Last of all, I had done a drawing of the latest chamber version but decided to spruce it up a bit. So here is the result;

[weatherson]

So there you have it. Copied and pasted from my thread but intact none the less. I would appreciate any and all comments, suggestions and input. And if anyone can point me in the direction of a float valve mentioned in the post, I would greatly appreciate that. Regards.

Joseph

[Macbeth417]

Very cool idea, tag.

-Erik

[gbtower]

Great idea! I think you should've kept your original idea using some sort of larger diameter pvc tube on the bottom. That way, the effective length of the device could be adjusted cheaply by just cutting the tube or replacing it with a longer one. Actually, if you could locate a small enough float, you could probably make the whole thing with 6" PVC.

[H20ENG]

Great idea! And well executed!
I usually go with 2 floatswitches and a latching relay, but this is cool!
I'm curious why the 1" pvc wouldnt let in enough air. Seems if it got low enough, it would definitely break the vacuum.

[weatherson]

Macbeth417: Thanks.

gbtower: Thanks and there definitely are cheaper ways of making it. I've even thought that you could use a large diameter PVC T with an end cap that the float would mount to internally. Of course it would have to be large enough to allow for proper travel. Then a simple PVC pipe vertical to the bottom. Personally, I prefer acrylic. I plan to create a reservoir of a given size so I will not need to make any adjustments. In addition, I wanted to eliminate the need for a seal at the top. Thanks again for your comments.

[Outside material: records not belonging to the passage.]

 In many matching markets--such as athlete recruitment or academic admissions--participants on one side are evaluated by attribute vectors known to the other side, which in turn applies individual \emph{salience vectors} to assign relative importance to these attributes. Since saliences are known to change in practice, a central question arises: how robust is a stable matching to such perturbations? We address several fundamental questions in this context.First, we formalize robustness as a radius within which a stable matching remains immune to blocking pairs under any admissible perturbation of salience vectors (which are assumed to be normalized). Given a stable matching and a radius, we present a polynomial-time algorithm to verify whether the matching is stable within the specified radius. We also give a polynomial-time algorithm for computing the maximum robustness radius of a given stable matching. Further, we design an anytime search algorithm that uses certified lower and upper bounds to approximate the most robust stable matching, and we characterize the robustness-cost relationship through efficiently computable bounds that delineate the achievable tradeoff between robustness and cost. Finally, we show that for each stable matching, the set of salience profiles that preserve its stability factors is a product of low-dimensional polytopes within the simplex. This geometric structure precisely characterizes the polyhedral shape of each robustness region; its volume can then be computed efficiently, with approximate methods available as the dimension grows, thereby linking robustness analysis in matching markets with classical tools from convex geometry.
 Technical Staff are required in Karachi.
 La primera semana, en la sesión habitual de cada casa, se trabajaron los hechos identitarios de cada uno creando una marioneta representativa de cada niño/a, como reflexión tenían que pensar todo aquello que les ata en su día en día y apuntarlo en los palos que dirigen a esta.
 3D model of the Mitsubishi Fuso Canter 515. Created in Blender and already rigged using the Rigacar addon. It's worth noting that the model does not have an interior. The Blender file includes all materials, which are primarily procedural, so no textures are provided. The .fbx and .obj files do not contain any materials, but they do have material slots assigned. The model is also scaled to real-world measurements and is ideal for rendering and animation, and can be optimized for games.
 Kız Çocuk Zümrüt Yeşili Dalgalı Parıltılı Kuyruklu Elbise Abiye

H20ENG: Thanks. The reason is that as air enters upward, the water within the chamber drops and dumps into the reservoir area raising its level. This seals the air/water transfer point again and to soon. So not enough air was entering to allow for a "full on" action of the float valve. Instead, it turned on but only at a slow rate. The new design, with its large air/water transfer area, allows a large amount of air (a sheet of) at once and activates the float as planned.

Joseph

[H20ENG]

I see, thanks. Damn what a cool idea!
I thought of a surge one time using a motor to lift a pipe out of the water til it broke the vacuum and dumped the water. It would have a checkvalve on top so as it submerged, it'd fill again. Pretty tough logistics on building that one. Too many parts. Fun to play with though!
Chris

[jetor]

Is there anyway one of these or something like it could be used?

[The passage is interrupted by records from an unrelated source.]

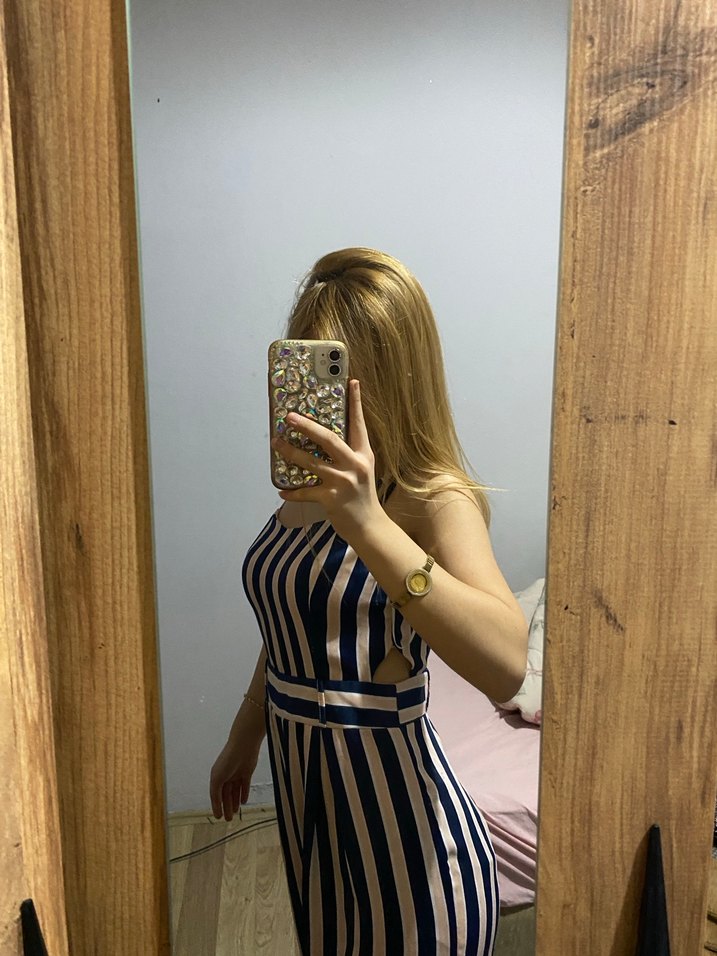 Çizgili, straplez ve dar kesim mini tulum, hafif çok renkli ve şeffaf dokunuşlu sentetik kumaştan. Günlük sokak tarzına uygun.
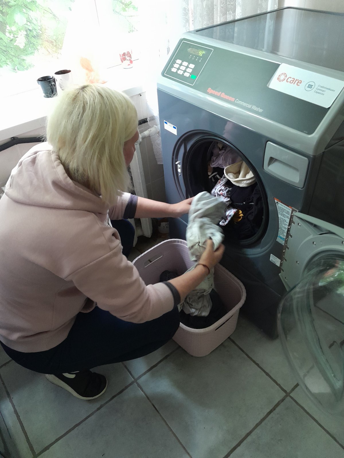 Наталія підкреслює позитивні аспекти оплачуваних державою суспільно-корисних робіт:Ми частково ліквідуємо безробіття, і людям не потрібно добиратися до Херсона на роботу – вони працюють за місцем проживання. Це зручно, оскільки немає витрат на дорогу. Ми не лише забезпечуємо людей роботою, але й отримуємо відрахування від їхньої заробітної плати до нашого бюджетуСуспільно-корисні працівники також залучені до роботи чотирьох соціальних пралень, розташованих у Дар’ївці, Федорівці, Інгульці та Лиманцях. Вони ведуть облік мийних засобів, приймають білизну, завантажують її в машини, контролюють процес прання та сушіння, а потім видають власникам випране. Наталія Гридіна пояснює, що такі спеціально навчені працівники необхідні в пральнях, щоб дороге обладнання використовувалося правильно і слугувало довго, не виходячи з ладу за короткий термін.
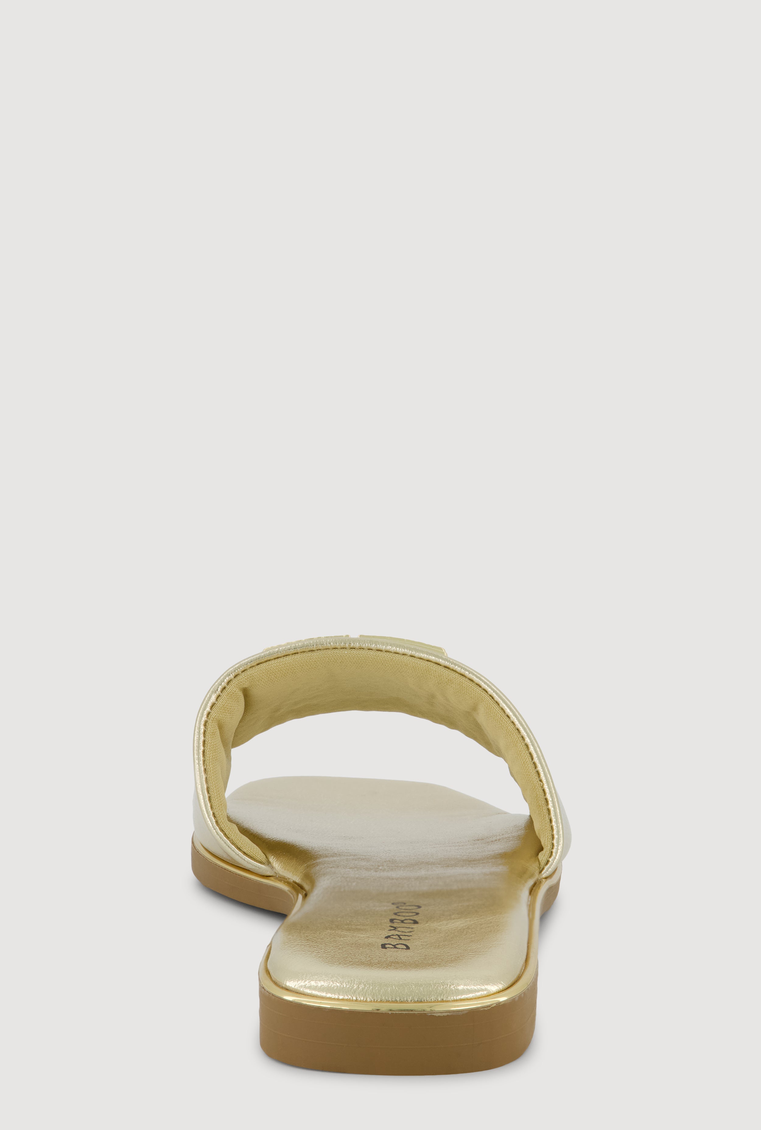 These flat slide sandals feature a sleek open toe design with a wide band accented by a geometric pendant for a modern touch. The cushioned footbed and low-profile sole provide easy wear, making them a versatile choice to elevate casual and dressy looks alike.
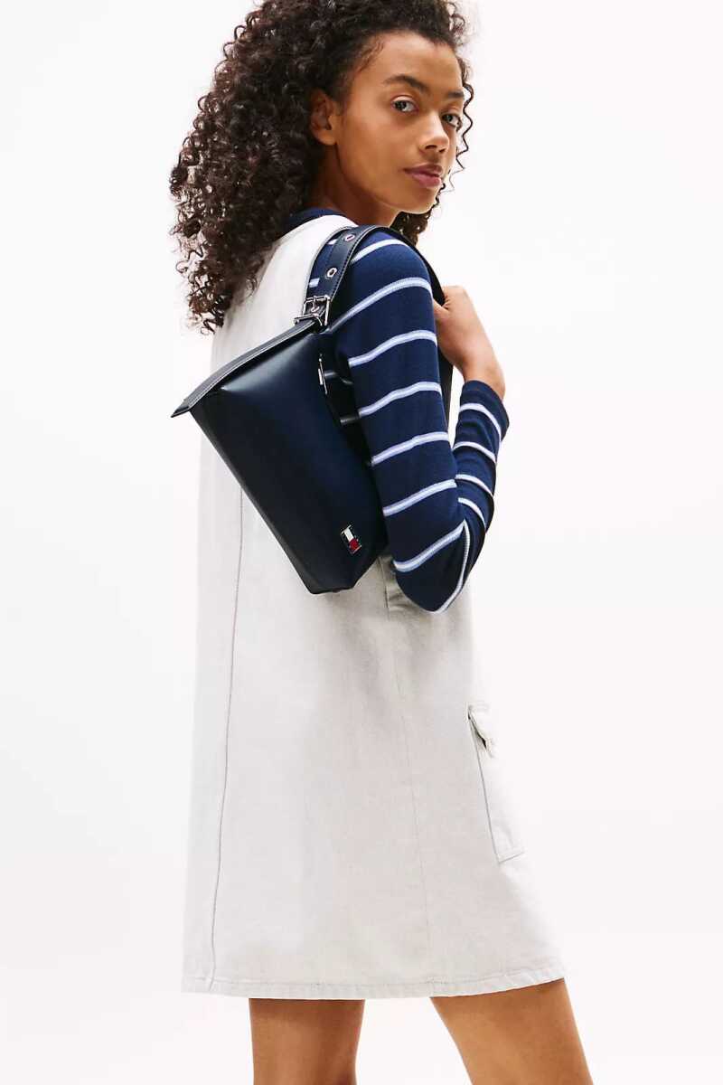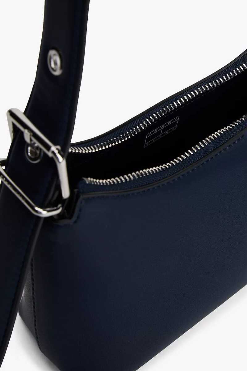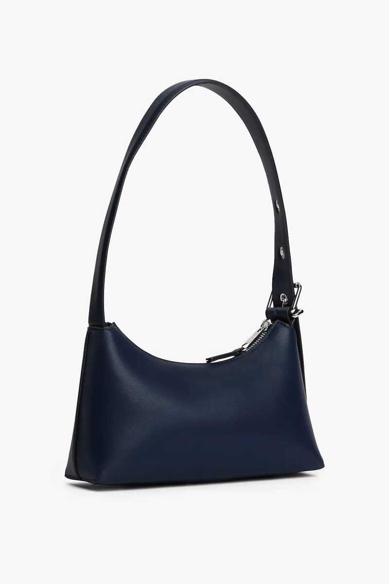 90'ların ikonik stilinden ilham alan bu minimalist baget çanta, her görünüme şık bir dokunuş katıyor. Pürüzsüz poliüretan malzemeden üretilen çanta, zamansız lacivert rengiyle öne çıkar. Omuza tam oturan zarif ve kompakt bir silüete sahiptir. Fermuarlı ana bölmesi temel eşyalarınız için güvenli bir saklama alanı sunarken, ayarlanabilir omuz askısı kişiye özel bir uyum sağlar. Ön yüzündeki küçük metal amblem plakası, tasarıma rafine bir son dokunuş yapar.
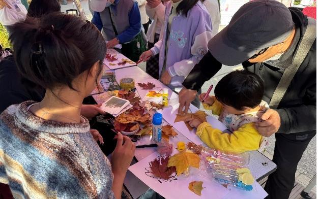 贴画活动为本次活动增添了许多趣味,参与创作的家长和学生根据自己的喜好选择自己心仪的贴纸和落叶进行自由创作。最终在大家齐心协力之下完成了一幅幅红色爱国作品。最后,大家通过展示介绍作品,表达自己对祖国的热爱之情。

http://catalog.sensing.honeywell.com...,140876,140877

[H20ENG]

Yes, but they are expensive. Float valves or float switches are the way to go. You can also use differential pressure switches, but float switches are the cheapest. $5-15 each.

[weatherson]

Not to mention that my goal was to create a unit void of any electrical devices. Simplicity for reliability.

Joseph

[manderx]

i use a mini carlson surge bucket in my sump to do the same thing. a float switch opens a solenoid which fills a quart-ish sized container that has to fill all the way before a siphon starts that then empties the whole quart at a time into my sump and breaks the siphon for next time.

[golf nut]

Very clever idea....

I need to look at this again without a cold one!!

Paul

[niko5]

That is a great idea, ill have to put that on my list of stuff to do Keep us updated as you get to use it.

[niko5]

Oh and I was thinking as a safety device. You can just get one of the electronic type float switches put it at the high point in your reservior and get an always on silinoid that when you apply power it cuts the line off and install that on your incoming water source. So if it gets to high you just cut it off untill you see the problem.

[weatherson]

Paul: Thanks and I hope to start building/to buy a reservoir next week and set it up on the tank. The test unit is still plugging away with no issues. It's looking very promising. Thanks for the suggestion and yes, that would work well but... I'm still striving to keep this without the aid of any electrical device. It's just a matter of finding the right inline float valve that would work in the exact same way of your suggestion. Essentially a backup, safety device. Thanks again.

Joseph

[vanburen]

Joseph,
It would be very interesting to see conductivity readings of your resevoir water before, and after, this new device. We would expect lower values due to the decreased cycling of the RO unit, right?. Just a thought.
Ed

[wanabeeReeFeR]

Did you put the plastic together your-self??

[thorsky]

I was under the impression the RO part of the filter was the only thing affected when cycled. The RO spits out impurities as it first starts but wouldn't that just mean shorter DI life? Mute point as this is still bad and having the reservoir setup as described is way cool!

[weatherson]

First of all, my previous post was obviously intended for Nick and not Paul. Sorry about that.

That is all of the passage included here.